ASSIGNMENT
Among the records below, find the line that has "Floral Applique V-Neck"; from there, give the lines again exactly, and stop after the line that has "母の実家にて餅焼き当番をするうちの姉でサヨナラ".

DATA FOR THIS TASK
=== Section Start ===

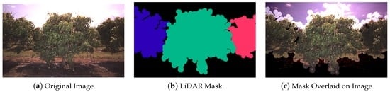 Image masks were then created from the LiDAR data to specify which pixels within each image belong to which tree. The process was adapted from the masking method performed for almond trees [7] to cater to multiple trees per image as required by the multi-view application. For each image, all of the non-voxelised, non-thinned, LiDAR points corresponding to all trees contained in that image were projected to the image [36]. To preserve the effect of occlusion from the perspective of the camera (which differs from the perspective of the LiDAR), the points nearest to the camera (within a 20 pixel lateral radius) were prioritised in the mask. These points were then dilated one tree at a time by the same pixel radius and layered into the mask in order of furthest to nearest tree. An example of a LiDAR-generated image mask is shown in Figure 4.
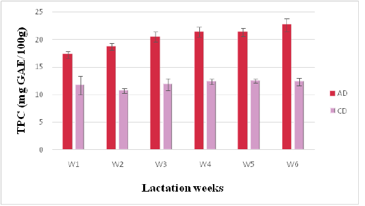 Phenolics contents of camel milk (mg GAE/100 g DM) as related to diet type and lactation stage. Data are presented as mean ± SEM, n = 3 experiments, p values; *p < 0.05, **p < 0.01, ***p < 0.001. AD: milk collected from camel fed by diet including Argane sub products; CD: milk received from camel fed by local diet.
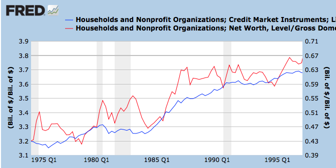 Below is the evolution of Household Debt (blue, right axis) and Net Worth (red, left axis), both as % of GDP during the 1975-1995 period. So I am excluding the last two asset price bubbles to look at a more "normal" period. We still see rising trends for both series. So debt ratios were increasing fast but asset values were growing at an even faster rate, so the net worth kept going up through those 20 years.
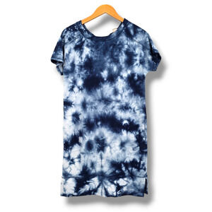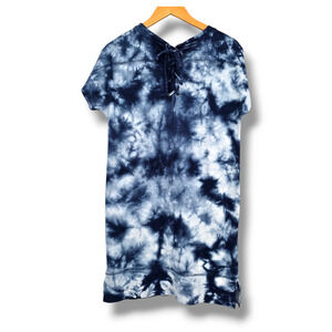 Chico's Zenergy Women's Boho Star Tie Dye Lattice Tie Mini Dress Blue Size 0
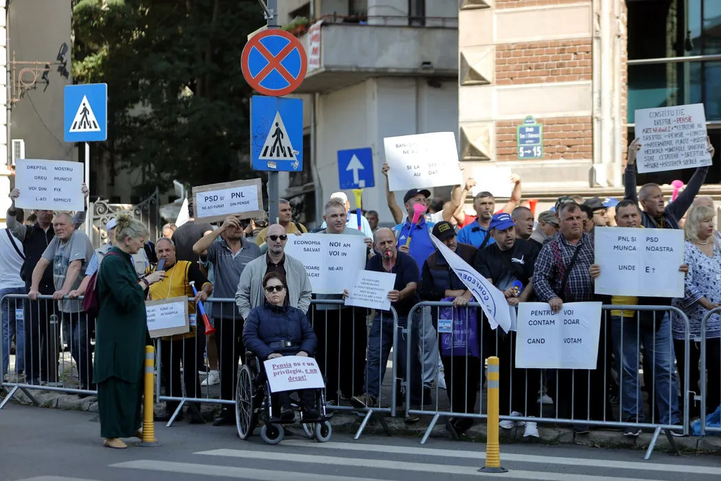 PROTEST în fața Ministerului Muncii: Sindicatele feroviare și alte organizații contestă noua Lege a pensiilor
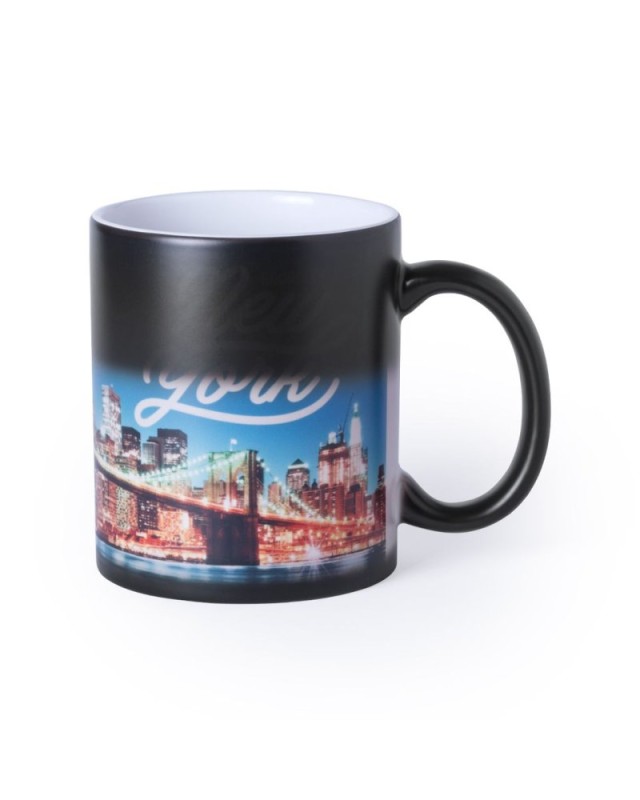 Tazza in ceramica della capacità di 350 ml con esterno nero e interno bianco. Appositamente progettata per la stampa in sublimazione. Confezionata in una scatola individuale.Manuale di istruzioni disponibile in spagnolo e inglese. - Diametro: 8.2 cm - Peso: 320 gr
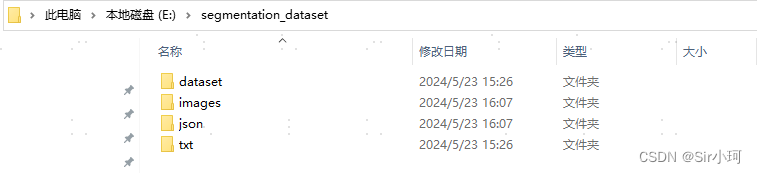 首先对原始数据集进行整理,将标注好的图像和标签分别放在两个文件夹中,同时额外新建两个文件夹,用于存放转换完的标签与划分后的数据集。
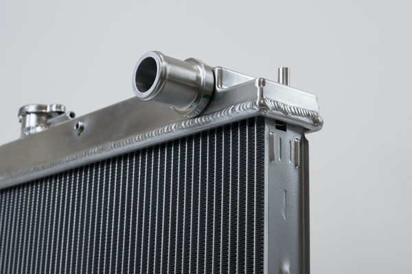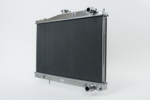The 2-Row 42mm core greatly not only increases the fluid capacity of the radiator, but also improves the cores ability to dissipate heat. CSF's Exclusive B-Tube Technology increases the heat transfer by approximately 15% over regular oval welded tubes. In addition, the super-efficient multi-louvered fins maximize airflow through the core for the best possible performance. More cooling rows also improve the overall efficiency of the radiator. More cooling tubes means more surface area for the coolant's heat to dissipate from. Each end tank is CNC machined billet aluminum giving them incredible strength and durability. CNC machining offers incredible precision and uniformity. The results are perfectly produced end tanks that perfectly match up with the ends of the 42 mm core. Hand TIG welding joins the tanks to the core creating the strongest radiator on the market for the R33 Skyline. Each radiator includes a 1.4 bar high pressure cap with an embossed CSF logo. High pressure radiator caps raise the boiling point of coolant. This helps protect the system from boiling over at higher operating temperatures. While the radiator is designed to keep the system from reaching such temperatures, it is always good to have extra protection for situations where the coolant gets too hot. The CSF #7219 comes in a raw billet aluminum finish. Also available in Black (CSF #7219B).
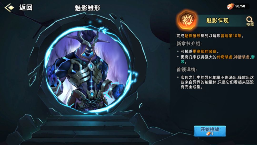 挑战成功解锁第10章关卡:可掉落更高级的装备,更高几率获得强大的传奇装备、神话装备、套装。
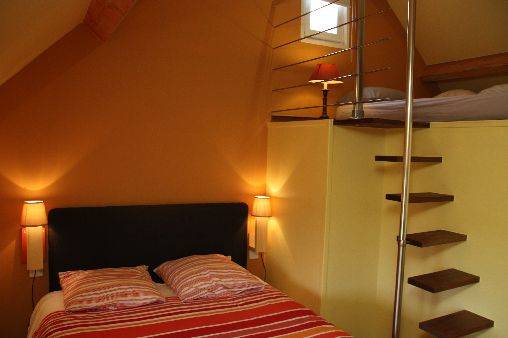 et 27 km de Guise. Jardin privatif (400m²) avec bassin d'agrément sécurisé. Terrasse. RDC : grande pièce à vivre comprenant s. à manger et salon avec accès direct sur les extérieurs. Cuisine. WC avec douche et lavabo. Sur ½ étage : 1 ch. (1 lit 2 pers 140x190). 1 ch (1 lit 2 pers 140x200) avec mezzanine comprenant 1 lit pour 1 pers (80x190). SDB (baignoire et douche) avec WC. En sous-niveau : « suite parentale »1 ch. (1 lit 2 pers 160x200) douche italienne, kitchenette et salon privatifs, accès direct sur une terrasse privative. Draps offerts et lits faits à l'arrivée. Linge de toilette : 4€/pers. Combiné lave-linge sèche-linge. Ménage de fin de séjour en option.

=== Section End ===
=== Section Start ===

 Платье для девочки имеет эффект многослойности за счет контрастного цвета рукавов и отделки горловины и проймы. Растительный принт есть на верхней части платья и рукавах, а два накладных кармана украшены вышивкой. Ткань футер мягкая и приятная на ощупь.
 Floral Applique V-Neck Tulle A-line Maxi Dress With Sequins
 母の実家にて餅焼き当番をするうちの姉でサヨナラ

=== Section End ===
=== Section Start ===

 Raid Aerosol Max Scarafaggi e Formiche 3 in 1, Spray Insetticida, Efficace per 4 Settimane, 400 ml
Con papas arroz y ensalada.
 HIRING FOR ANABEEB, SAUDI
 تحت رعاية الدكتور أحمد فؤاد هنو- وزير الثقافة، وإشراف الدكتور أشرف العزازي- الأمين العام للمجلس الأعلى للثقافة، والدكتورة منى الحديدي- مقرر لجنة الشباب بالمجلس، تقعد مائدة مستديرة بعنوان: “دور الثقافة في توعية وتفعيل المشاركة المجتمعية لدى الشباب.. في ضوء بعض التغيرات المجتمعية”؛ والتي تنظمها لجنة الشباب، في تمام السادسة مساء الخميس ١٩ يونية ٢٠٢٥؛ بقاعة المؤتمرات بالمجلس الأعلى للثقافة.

=== Section End ===

SOLUTION TO THE EXERCISE
 Floral Applique V-Neck Tulle A-line Maxi Dress With Sequins
 母の実家にて餅焼き当番をするうちの姉でサヨナラ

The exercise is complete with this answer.